The following instructions guide you in reproducing results from [1,2] using the powerful Transformers architecture [3].
[1] https://link.springer.com/chapter/10.1007/978-3-030-30493-5_78
[2] https://www.nature.com/articles/s41467-020-19266-y
[3] https://arxiv.org/abs/1706.03762
This repository uses Python 3.8.11
and requires some libraries to run. Please ensure that you have rdkit pip install rdkit
.
PyTorch 1.9 with cuda 11.1 was used, and the trainer writes to a tensorboard, and can be installed as follows:
pip3 install torch==1.9.1+cu111 torchvision==0.10.1+cu111 torchaudio==0.9.1 -f https://download.pytorch.org/whl/torch_stable.html
pip install tensorboard
pip install tqdm
is also required.
git clone https://github.com/ArvidWartenberg/retrosynthesis.git
cd retrosynthesis/retrosynthesis_cluster_training/
Choose any name for your run, if not it will default to a "hh/mm/ss".
The key model parameters can easily be passed as arguments. See run.py for detailed descriptions.
python3 run.py --device 0 --name my_run
Differnt weight checkpoints are made during training. These & the used model params lie in the models/chemformers folder.

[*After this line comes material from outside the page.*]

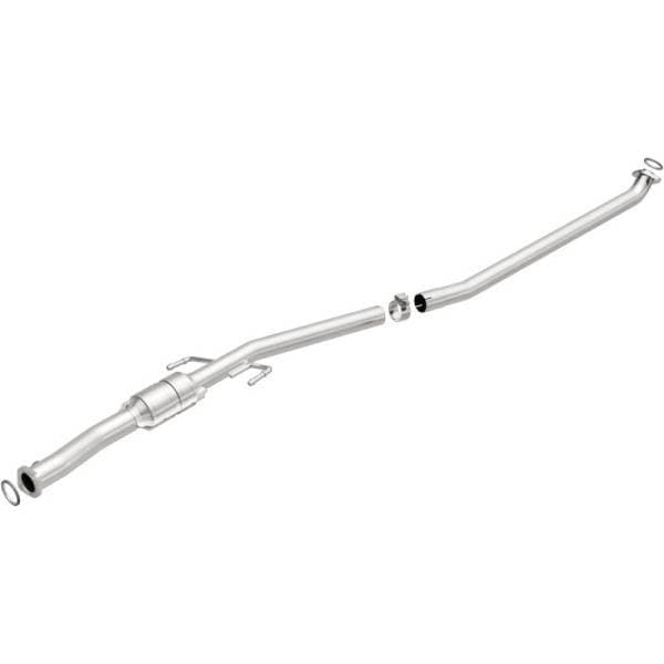Keep the check engine light off with MagnaFlow OEM Grade Federal/EPA Compliant Direct-Fit Catalytic Converter 49020. With features including free-flowing mandrel-bent tubing and highly corrosion resistant stainless steel construction, easily install this spun body converter yourself using the proper tools, no cutting or welding required. MagnaFlow's state-of-the-art metrology department uses the latest 3D scanning systems during research and development, so you can be confident that your new part will fit and function like the original equipment. By replicating the OE spun body design, the single laser fusion weld greatly reduces the possibility of a leak, and our compact, low-mass design also allows for greater thermal efficiency.This direct-fit catalytic converter is designed specifically for the 2004-2005 Toyota RAV4 and interchanges with OE parts 17420-28380 and 17420-28570. The included gaskets & hardware reduce the possibility of a leaking seal while avoiding the need to reuse corroded factory parts for installation. This replacement part is designed to meet or exceed Federal emissions requirements set forth by the EPA, complying with legal standards for OBDII Federally registered vehicles with California or Federal/EPA Emission systems.
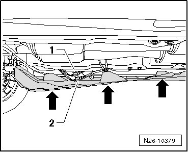 - Remove the front underbody crossmember by removing nuts - 1 and 2 -.

The specific path to your model will be /yyyy/mm/dd/my_name. The key arguments for inference are listed below
parser.add_argument("--model", help="date/time model indicator", required=False)
parser.add_argument("--algorithm", help="search algorithm", default="greedy", required=False)
parser.add_argument("--device", help="choose device", default="0", required=False)
parser.add_argument("--weights", help="Choose checkpoint", default="best_acc", required=False)
parser.add_argument("--dataset", help="choose dataset", default="non-augmented", required=False)
parser.add_argument("--n_infer", help="num inference points", default="all", required=False)
parser.add_argument("--k", help="top k to be reported", default=5, required=False)
parser.add_argument("--beam_size", help="beam size", default=5, required=False)
Example: Run inference on entire test/val (using same xD) using greedy decoding. Model with best token ACC during training is used
python3 infer.py --model yyyy-mm-dd/my_run --weights best_acc --n_infer all --device=0 --algorithm greedy
Inferred reactants will be written to a pickle file (script prints exact path).
Also, each inference run writes to the RESULTS.txt file in root with a short summary of accuracies & which model was used.
You can use, redistribute, and adapt the material for non-commercial purposes, as long as you give appropriate credit.